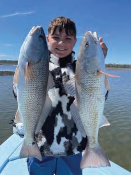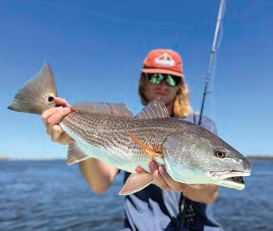 cork rather than changing color. Known for their e ectiveness when using live shrimp, popping corks also improve the performance of so plastics. Depending on the situation and preference, these can be used on a jig head, weedless weighted hook, or with just a hook. When choosing a popping cork, I like a deep cup, which is hard to !nd on most corks in today’s market, but there are a few. Most manufacturers went away from the actual reason for the name, popping. e original, and a few out there today, still have the deep concave top, which produces the slurping sound and splash mimicking a !sh feeding on the surface. I !nd that sound is what attracts the !sh more than a clack. I’ll dedicate an entire article to cork !shing and the many ways to use them soon. While targeting reds, use a stout hook on your jig head. A hook you can $ex with your !nger is better suited for trout than reds. is is not where you want to skimp on quality. Not only do the hooks need to stand up to the hookset into the thick skin of a red, but they also need to hold up to the torque of removing the hook from the their jaw. I see many hooks get destroyed at this point. ank you for reading my words and don’t forget to take a kid !shing! e time is right.
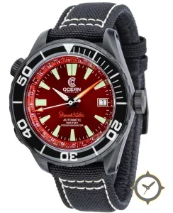 Eine Taucheruhr-Uhr mit einem markanten 46mm Auftritt am Handgelenk, gefertigt aus Edelstahl mit einem Zifferblatt in rot und einer besonderen "sunburst lacquer"-Oberfläche.
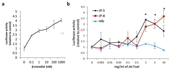 Effects of in vitro jet fuel exposure on human estrogen receptors. (a) 17β-estradiol activation of the estrogen receptor. Results show an expected activation of the estrogen receptor. A human estrogen receptor mammalian expression plasmid, a β-galactosidase expression plasmid, and a luciferase reporter construct plasmid with an estrogen receptor response element were transfected into HEK293 cells and analyzed for ligand stimulation of receptor activities. 17β-estradiol is an endogenous steroid known to activate the human estrogen receptor. Luciferase activity is expressed as fold activation vs. zero concentration control. Results were normalized using the constitutively active β-galactosidase expression plasmid that shows cell viability. Results were also shown to be dependent on the co-transfected estrogen receptor plasmid as a further control. Data presented as mean +/− SEM, with n = 3. (b) Results show that JP-5 (black) and JP-8 jet fuel are capable of activating the human estrogen receptor. Data shown are normalized to control values (0 mg/mL). Statistically significant activation is indicated by an asterisk above the bar in the graph for the JP-5 and JP-8 data (* p < 0.05, one-way ANOVA, Holm–Sidak method vs. 0 mg/mL of JP-5 or JP-8). Data presented as mean +/− SEM, with n = 3 for each jet fuel tested (JP-5, JP-8, HRJ).
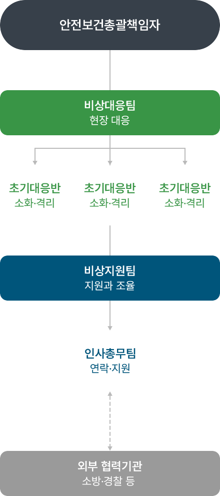 - 초기 대응반: 화재, 화학물질 유출, 재난 발생 시 초동 조치 (소화, 방재, 대피 안내 등)
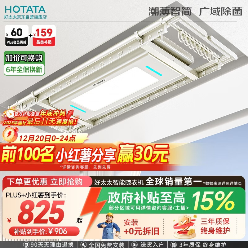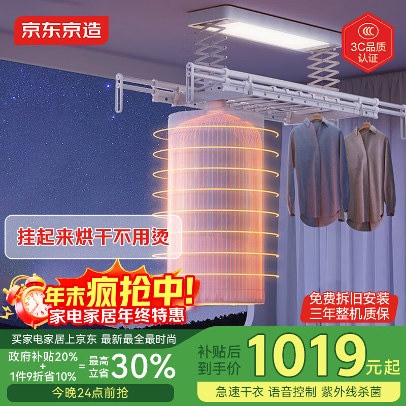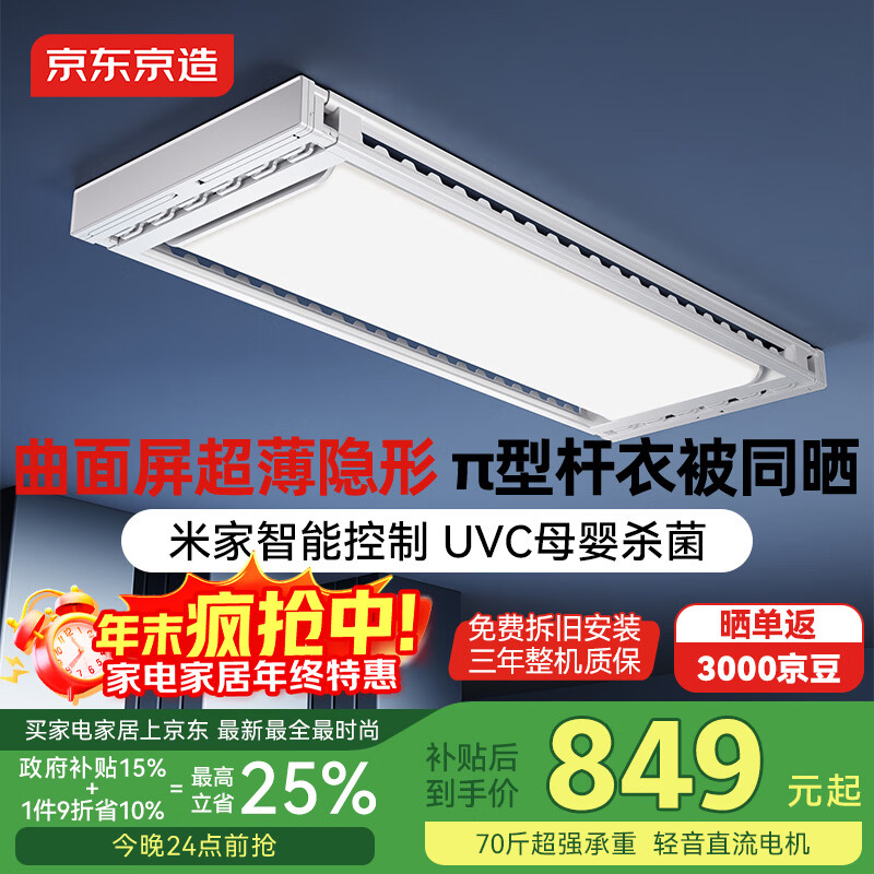京东京造的,带有国家补贴的,M1电动晾衣架,是超薄隐形的,具备智能晾衣功能的,有母婴横杆的,能全屏照明的那种。
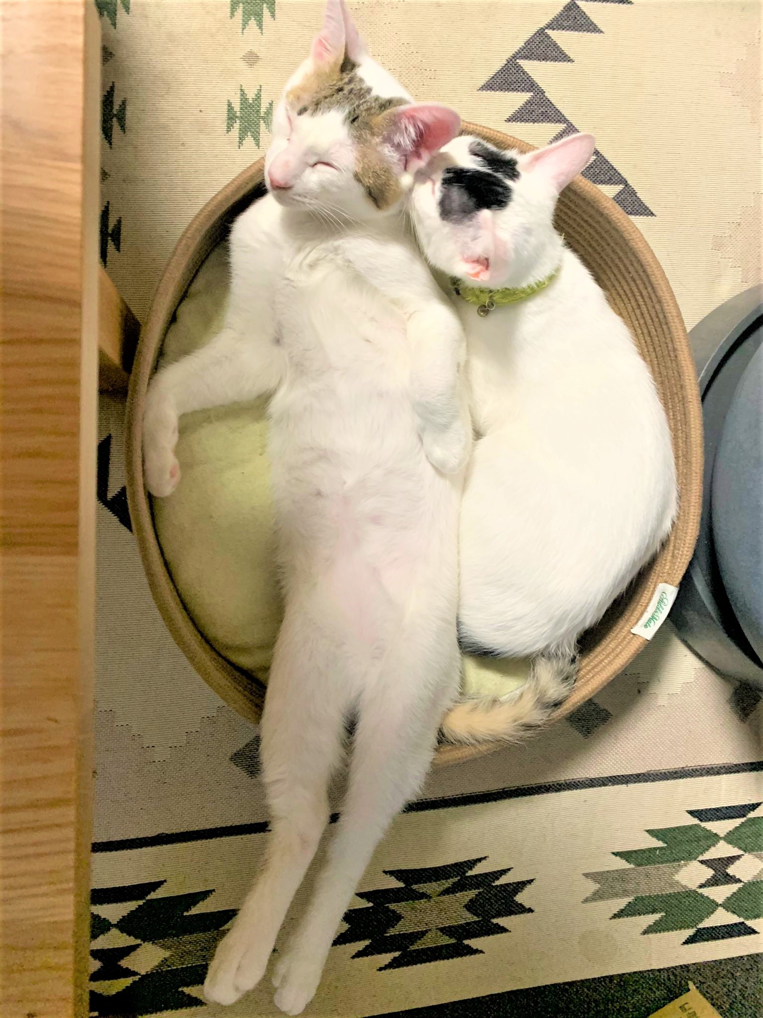 子猫というには大きいなと、1匹は模様がトリッキーだなと思いました。1匹だけ飼うつもりでしたが、片方だけもらってしまうと、もう1匹は、(誰かに)貰われないのではないかと思ったのと、2匹がすごく仲が良くて、引き離すのは忍びないなと思って、2匹貰うことにしました。
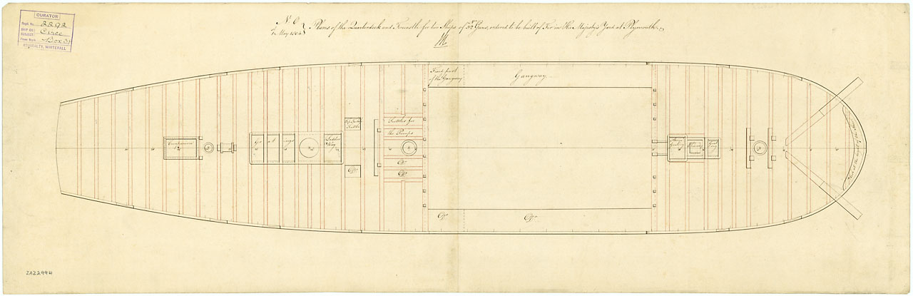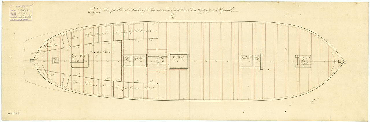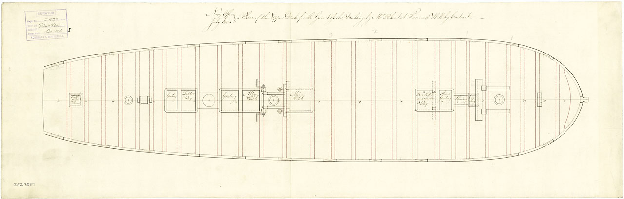 Dauntless (1804); Valorous (1804). Scale: 1:48. Plan showing the upper deck for Dauntless (1804) and Valorous (1804), all 18-gun Ship Sloops building at Hull by Mr Blunt.
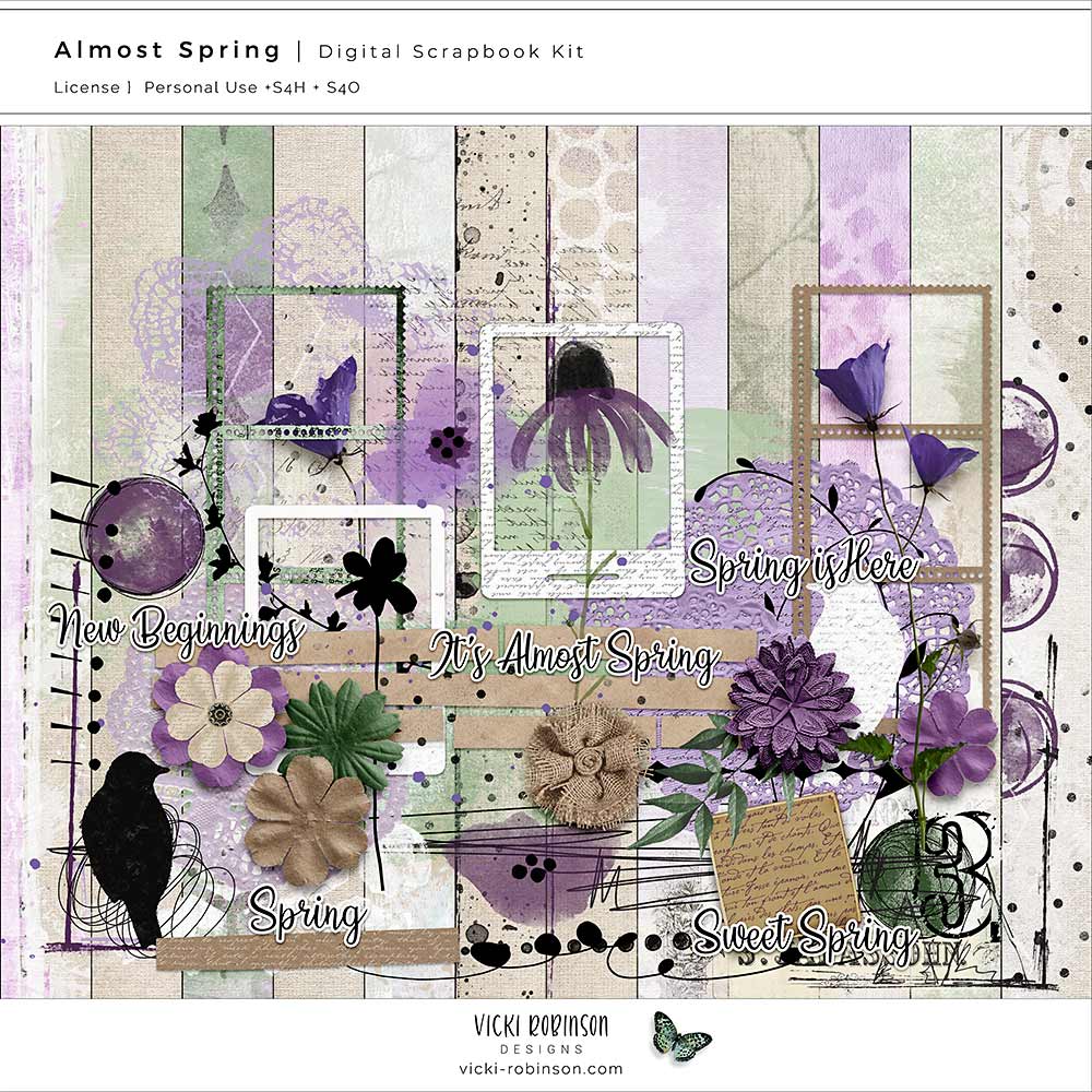 This bundle of two kits. Almost Sping and Spring Breeze are Digital Scrapbook pack by Vicki Robinson. They include a variety of elements and papers to create Spring themed scrapbook pages, digital art, and printable art projects.
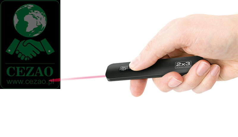 Elegancki, nowoczesny wskaźnik laserowy (o czerwonym promieniu) z funkcją latarki LED. Bardzo lekki i łatwy w obsłudze.
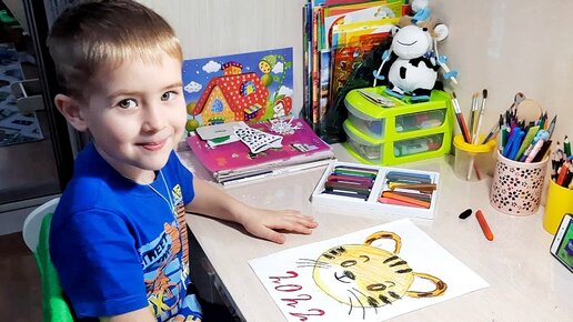 Рисуем символ нового года 🐯 и снеговика⛄| Периодически предлагаю Кирюше рисовать по видеоурокам, аккуратненько получается😍
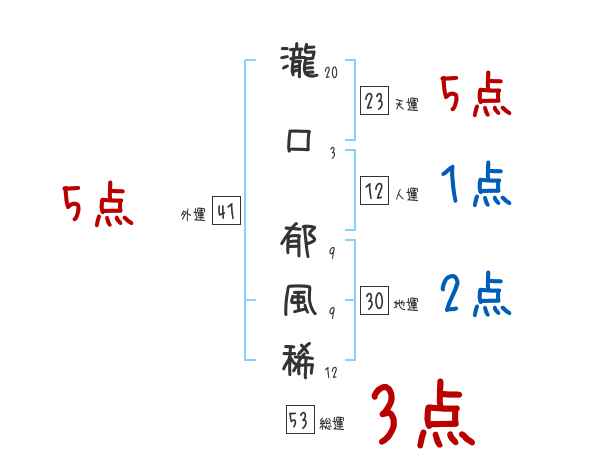 | 天運  | 瀧口郁風稀さんの天運は23画の5つ星!想像力に優れ活力がある。一代で成功し名誉を手に入れる。家系が持つ宿命的な運勢を表します。祖先から受け継いだ苗字ですので自分の力が及びません。家柄を象徴します。 |
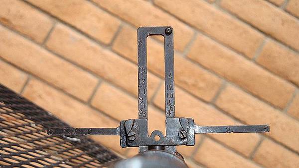 九九式翻開的防空用後準星。側邊的夾子用來判定目標飛機的飛行速度。
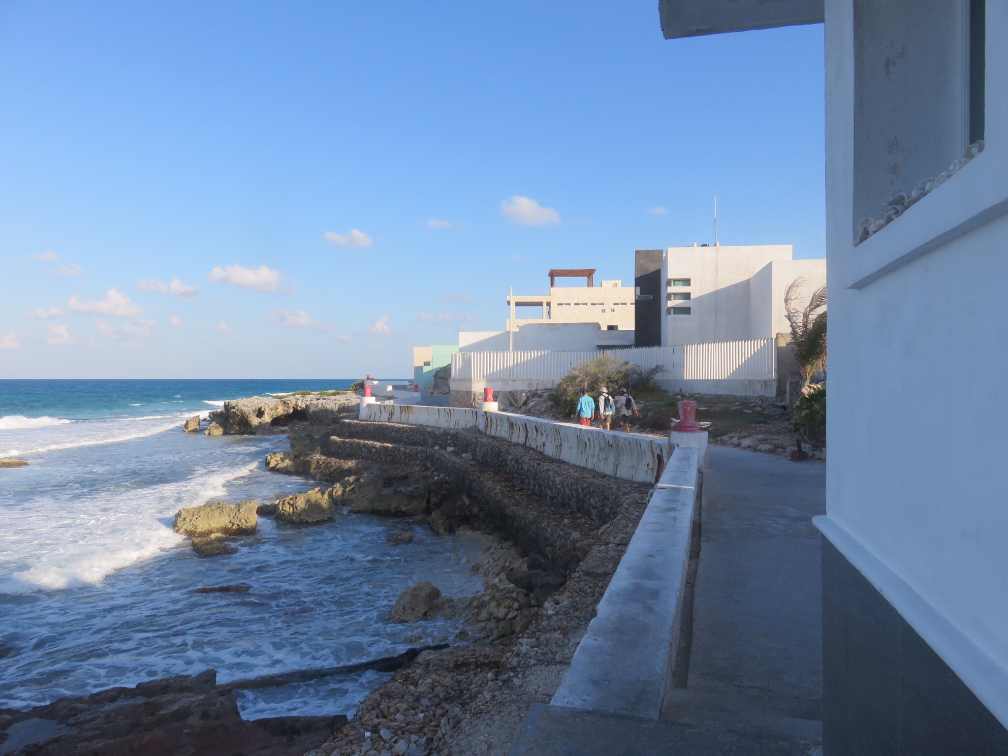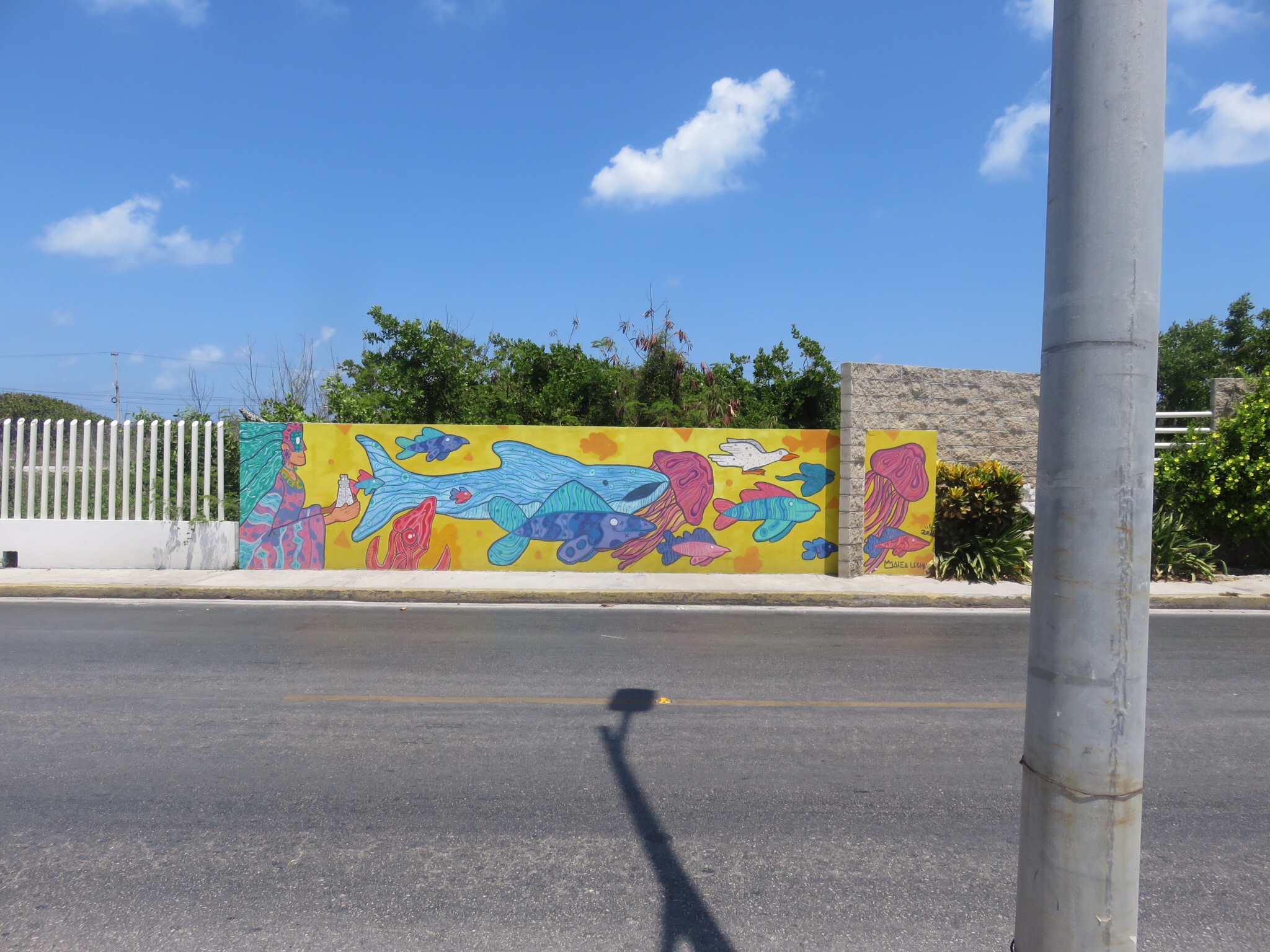 At the end of the process the immigration officer stamped our passports, provided us a visa, and welcomed us into the country. We all felt so thankful to be free to explore the country and not be confined to the boat. Within 20 minutes we had put on walking shoes and sunscreen, grabbed our backpacks and headed for the Island. Six hours and 8 miles later we had walked almost the entire Island! Leaving the marina we were instantly greeted by endless golf carts and mopeds; that is how everyone gets around on this island- even the police. The mopeds amazed me because many of them had over 3 people on them and then a baby or two hanging off the side in someone’s arms or standing at the driver’s feet- same as the golf carts. I will say though that everyone, except maybe the baby’s and small children, wore helmets on the mopeds. Interesting! Walking the Main Street for a while we quietly observed our surroundings- the colorful buildings and homes stacked really close together, the equally colorful skiffs lining the inland beaches, and some pretty awesome street art and murals. Finding a small opening between buildings we crossed over to the Gulf side of the island and walked North along the sea wall with large waves crashing down below. The waves were a mixture of clear blues and greens that would roll and smash down on the rock and white sand on the shoreline. Making our way back inland a bit we found the market area which were streets lined in colorful shops with jewelry, blankets, and endless trinkets lining the front of the small shops. Sitting down for some lunch I enjoyed the people watching and observing the cultural differences from America and this small tropical island. We found a convenience store and bought a SIM card for the Global cell phone we had bought before leaving and the nice men behind the counter helped me get it all set up- it took a few minutes due to the language barrier, but within 10 minutes Kyle and I were able to call our parents to check in and say hello. I was very thankful to be able to check in and catch up with my family! The rest of the afternoon was spent in a similar manner- exploring and enjoying the Isle of Mujeres. Around 6pm we arrived back at the marina where we took a quick swim to stretch our tired legs and sore bodies, before taking showers and using some wifi at the marina bar.

= Exercise details =
A clean copy is needed of the lines above from the one with "子猫というには大きいなと、1" up to and including the one with "Dauntless (1804); Valorous". Please set it down exactly, with no pictures.

= Answer for this exercise =
 子猫というには大きいなと、1匹は模様がトリッキーだなと思いました。1匹だけ飼うつもりでしたが、片方だけもらってしまうと、もう1匹は、(誰かに)貰われないのではないかと思ったのと、2匹がすごく仲が良くて、引き離すのは忍びないなと思って、2匹貰うことにしました。
 Dauntless (1804); Valorous (1804). Scale: 1:48. Plan showing the upper deck for Dauntless (1804) and Valorous (1804), all 18-gun Ship Sloops building at Hull by Mr Blunt.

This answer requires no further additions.